Former tennis player Sam Groth has been selected as the Liberal Party candidate for Nepean, but his policy platform seems to not go beyond a dislike of lockdowns, writes Hayden O'Connor.
DURING THE COVID-19 PANDEMIC, Sam Groth was just another celebrity complaining about lockdowns on Twitter. He is now the endorsed Liberal Party candidate for the seat of Nepean.
If the Victorian Liberal Party wants to continue the damage done to their Party by the negative, let it rip, health advice undermining of MP Michael O’Brien and now Party Leader Matthew Guy, then the Liberal Party has pre-selected the perfect candidate.

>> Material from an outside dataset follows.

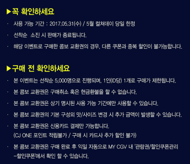 본 콤보 교환권은 신용카드 결제만 가능합니다

Whilst Groth’s complaints on lockdown and COVID restrictions haven’t been as frequent as some others, he has expressed on Twitter some truly tone-deaf opinions and his pre-selection bid was supported by well-known opponents of lockdowns in Treasurer Josh Frydenberg, Jeff Kennett and MP James Newbury. Given this support, it seems fitting and is surely no surprise that Sam Groth cites the six lockdowns endured by Victorians as his reason for running.
Groth’s terrible COVID takes include complaining that he can’t play golf, complaining that he can play golf but can’t travel beyond 25 kilometres and complaining that COVID dominates the news coverage. As has been the way with many in the privileged sections of our society, Groth’s complaints revolved around himself and what he couldn’t do rather than those dying from COVID or those who didn’t die from COVID thanks to lockdowns and other restrictions.
Opposition to lockdowns appears to be Sam Groth’s only concern and policy platform as a candidate, confirming that the Victorian Liberal Party has clearly learnt nothing during these past few years.
Despite the constant negativity and “let it rip” cries from the media, certain federal politicians and the Victorian Liberal Party, Victorian Premier Daniel Andrews’ popularity has remained strong. The Age reported in late January that support for the State Labor Government was near its highest level since the last Election. Given this, continuing down the anti-lockdown “policy” path when future lockdowns appear to be extremely unlikely is simply politically stupid.
Despite a very limited anti-lockdown platform and having only moved to the electorate in 2020, the star power and name recognition of Sam Groth might be enough to see him reclaim Nepean for the Liberal Party. First-term MP Chris Brayne won the seat of Nepean for Labor in the 2018 Election but only by a margin of 767 votes.
However, even if Groth was to win the seat, as a tennis player turned commentator turned politician, voters are likely to see Groth as another candidate with no “real life” experience — which is exactly the type of politician that voters are sick of. Combine this with his opposition to COVID restrictions and you have a unique combination that might turn voters off the Liberal Party in other electorates. Victorian Liberals clearly need every vote they can get if the recent polls are anything to go by.
Politicians are supposed to improve the lives of their constituents; that’s the general intention claimed by candidates when they stand up to enter politics and this intention is expressed by a concern or a passion in policy areas such as education, transport or health. All Sam Groth appears to have is anger at restrictions that impacted him personally, even though they saved lives.
Groth didn’t even cite traditional Liberal policy areas such as fiscal responsibility, cutting red tape or helping small businesses as a reason for running. Voters in the seat of Nepean would do well to ask themselves what use, if any, is Sam Groth to them as a representative at a time when COVID restrictions continue to ease and lockdowns appear to be a thing of the past.
In addition to Groth’s complete absence of any legitimate policy positions, his integrity could also be questioned. It was reported in December 2021 that he was considering a tilt at pre-selection for the seat of Nepean, having been personally headhunted by Party leader Matthew Guy. Despite this intention, Groth went on to commentate the Australian Open for Channel 9 — a great way for anyone to keep themselves relevant and raise their profile before a shot at a political campaign.
Naturally, Channel 9 was happy to report on Groth’s pre-selection in a positive fashion and voters shouldn’t hold their breath expecting Groth’s former employer to provide balanced coverage of his political career.
Whilst commentating the Australian Open for Channel 9 in itself might not raise eyebrows for many Australians, if Sam Groth wanted to avoid his integrity being questioned, he shouldn’t have interviewed and promoted Josh Frydenberg on national TV whilst receiving his support for pre-selection.